Sepanjang Jalan Kenangan

Ning

Hari masih dingin. Mbediding, kata orang Jawa. Walau sudah lewat pukul 8 pagi, matahari belum tampak sempurna. Mendung menggantung di arah barat.

Aku melajukan motor berlawanan arah dengan orang-orang yang bergegas ke kantor atau sekolah. Ini tanggal 7 bulan tujuh. Lewat seminggu dari tanggal “jadian” kita.

Hmm, apa iya kata jadian itu tepat?

Samar kuingat perjalanan yang kita lakukan di sebuah petang: Menyusuri persawahan yang panjang. Kamu melajukan motor bebek pinjaman itu dengan setengah ngebut.

“Pelan-pelan saja, Mas Tok,” kataku agak keras dari belakang.
“Aku kebelet,” jawabmu tak kalah keras.

Haiyah. Selalu, batinku.

“Berhenti saja di pinggir sana, dekat pohon-pohon,” jawabku. Rumah Mbak Yuk–adik kesayanganmu–masih jauh. Kupikir kelamaan kalau Mas Tok menahan hasrat ingin buang air kecil.

Kamu menuruti saranku. Di tempat sepi, di dekat pepohonan kamu mengentikan motor.

Mendadak tanganku kautarik, ke balik pohon. Aku tak sempat menolak.

“Hei! Sana pipis dulu,” kataku.
“Bukan, aku kebelet mencium aroma bedak dan keringat di pipimu!”

Aku yakin pipiku bersemu merah. Hari itu tanggal 7 bulan tujuh. “Tujuh hari lewat dari tanggal 1 ya,” katamu. “Jadi, aku boleh sering-sering mengajakmu menyusuri sawah seperti ini kan, Ning?”

Hari ini 25 tahun berselang, aku mengingat seluruh perjalanan kita tanpa sengaja. Tugas kantor memaksaku menyusuri jalan ini menemui narasumber. Mendadak semua pertanyaan yang sudah kususun di kepala untuk kuajukan pada sang narasumber melayang. Menguap digantikan kenangan.

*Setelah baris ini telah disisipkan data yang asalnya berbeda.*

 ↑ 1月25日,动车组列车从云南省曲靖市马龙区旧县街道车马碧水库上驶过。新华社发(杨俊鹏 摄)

Kadang aku bertanya-tanya, apa kabarmu di pulau seberang?

 

 

Tok

Mataku kedutan sejak semalam. Pasti karena kurang tidur. Atau… ?

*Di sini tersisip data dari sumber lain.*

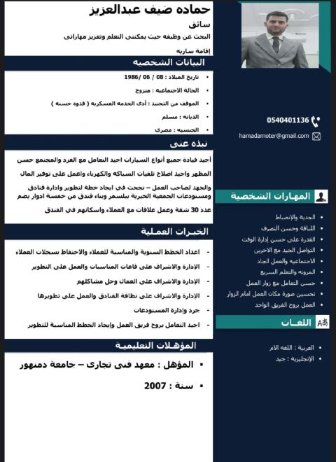 الاسم أحمد عسكر العمر 29 الجنسية مصري سائق خاص الإقامة سارية الرخصة سارية أنا أدور شغل في المنزل أو شركة أو أي شيء خبرة في سواقة السيارات الأوتوماتيك والعادي ملتزم والحمد لله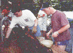 - Bob removed from spit. Carving commences. The carvers, obviously amatures,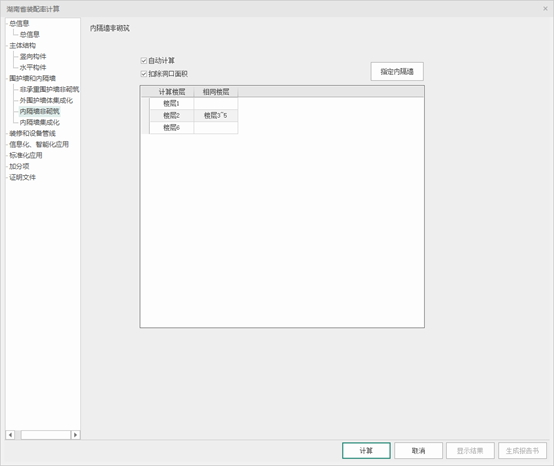 内隔墙非砌筑,提供自动计算和手动输入两种方式,这选择指定内隔墙,点击指定内隔墙命令后界面如下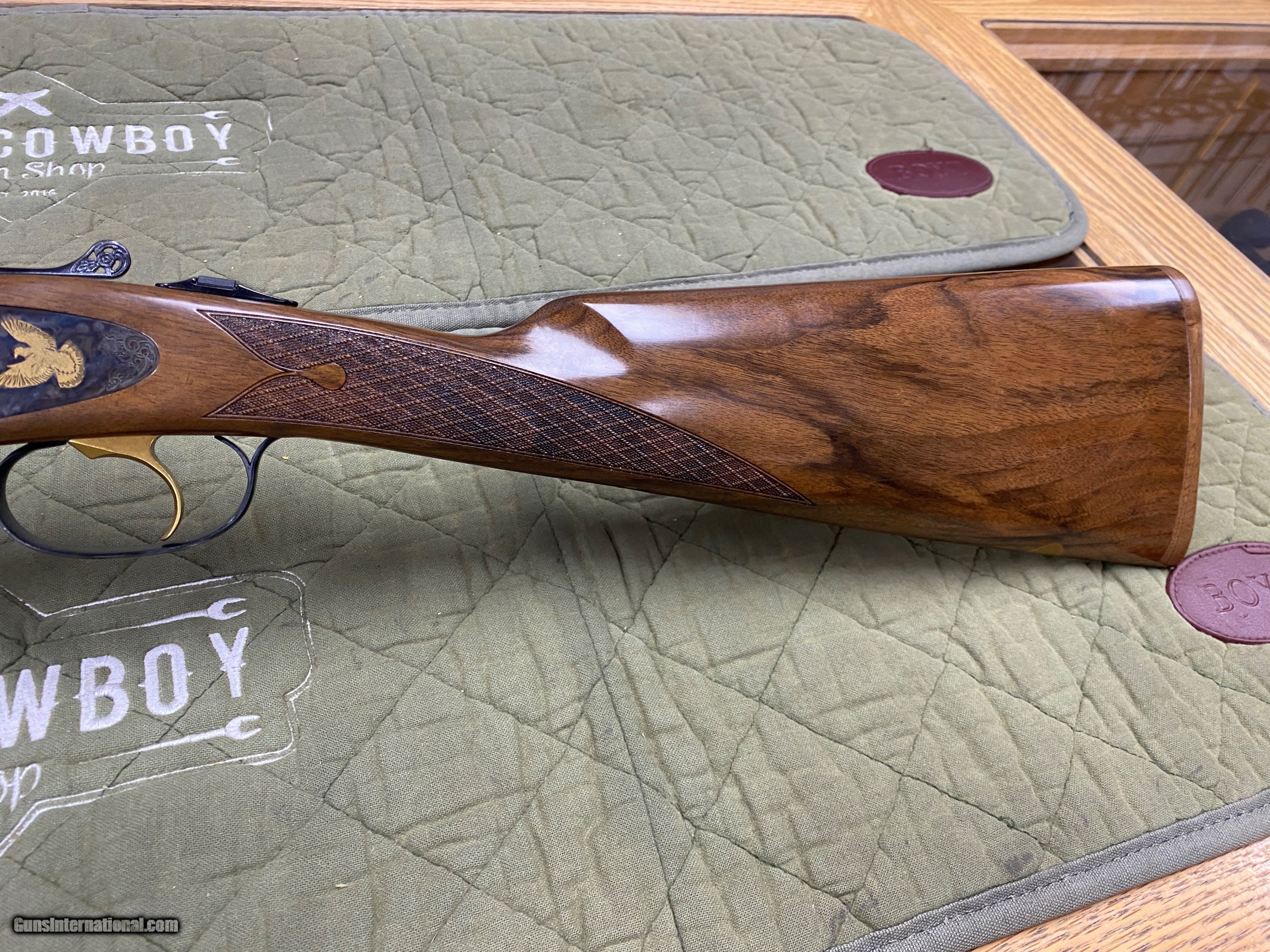 Description: Offered for sale is a new FAIR (I.Rizzini) Iside Prestige Tartaruga Gold De Luxe. This double is chambered in 410 Bore with 26’’ barrels. This model is equipped with SST trigger, auto ejectors and long tang trigger guard. 5 Screw in chokes are included: Cyl, IC, Mod Imp Mod & Full. See below for the specs. Feel free to reach out with any questions. Thanks for looking! LOP 14 5/8’’ Weight 5 lbs. 5.5 oz Cast Off DAC 1 3/8’’ DAH 2 ¼ WHY IRON COWBOY? Buying a fine gun is not shopping cart transaction. Buying from Iron Cowboy means buying a gun from me. It means buying from someone as passionate as you about fine guns. I want you to get the right gun both for you and your application, and my advice reflects what I feel is in your best interests. No clerks, no ‘other’ salesman – just me. Odds are we will have a discussion on my shooting experience with the gun you are after, and every transaction gets my personal best. Credit cards are welcome; however, a 3% fee will apply Thank you, as always, for looking. GROWTH THROUGH SERVICE Everyone is a customer at some point. I’ve taken the good from my experiences and apply it to my transactions. I’ve taken the bad and sworn to never pass that same experience on to my customers. I strive to act the way I would respect someone else for acting. In this way, Iron Cowboy differentiates itself with growth through service and repeat business. It’s my commitment to you, my customer. Iron Cowboy Gun Shop, LLC Edward Kondraski III (570) 733-2042 SOLD |

Kubuka email–seperti biasa, walau belum jam kantor.

Ada denyut pelan yang menjalar sampai ke perut waktu kubuka email teratas.

Mas Tok, apa kabar?
Pagi ini aku dapat tugas liputan tak jauh dari Desa Wonotirto, dekat rumah Mbak Yuk. Aku jadi ingat waktu kamu “kebelet”. Haha.

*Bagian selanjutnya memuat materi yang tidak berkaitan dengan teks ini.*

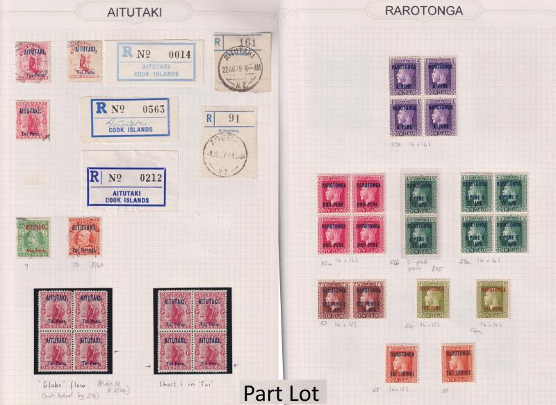 204 C/ imagePacific Isl 1910s-70s varied & unusual range on pages (150+, mostly Cook Isl, cat £750+) incl Aitutaki 1911 1/- SG 12 FU (cat £160), Rarotonga GV 2-perf pairs x 4, 1927 4d Harbour imperf plate proof pair (black, no wmk) of central vignette, Cook Isl 1970 (Image)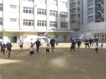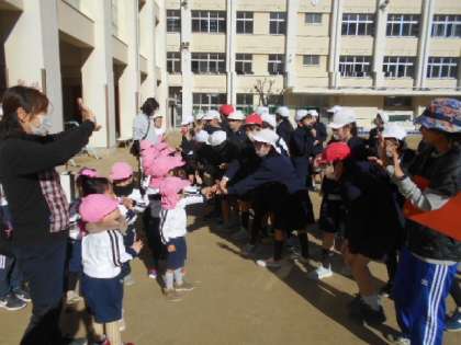 今日は、3歳児と5年生が一緒に凧あげをしました。5年生はとにかく3歳のさくら組がかわいいようで、ひざに乗せてくれたり、目線を合わせてお話をしてくれたりしていました。「最後に、ぎゅーってしてくれて、めっちゃうれしかった!」と言っている5年生もいました。「また遊びに来てね!」と、名残惜しくさよならしましたが、給食後の休み時間に5年生が本当に幼稚園に遊びにきてくれました。園庭で遊んでいたさくら組は大喜び!一緒に砂場で大きなお山をつくりました。また、幼稚園に遊びに来てくださいね!

Aku mampir rumah Mbak Yuk.

Di email itu terlampir foto Ning dan Yuk. Rindu menyesak. Mungkin ini sebabnya mataku kedutan. Gelombang cinta itu sampai ke sini.

Perlahan terngiang lagu lama:
Sepanjang jalan kenangan… kita s’lalu bergandeng tangaaan…

Diam-diam aku menggigil. Aku ingin mendengar suaramu. Itu saja.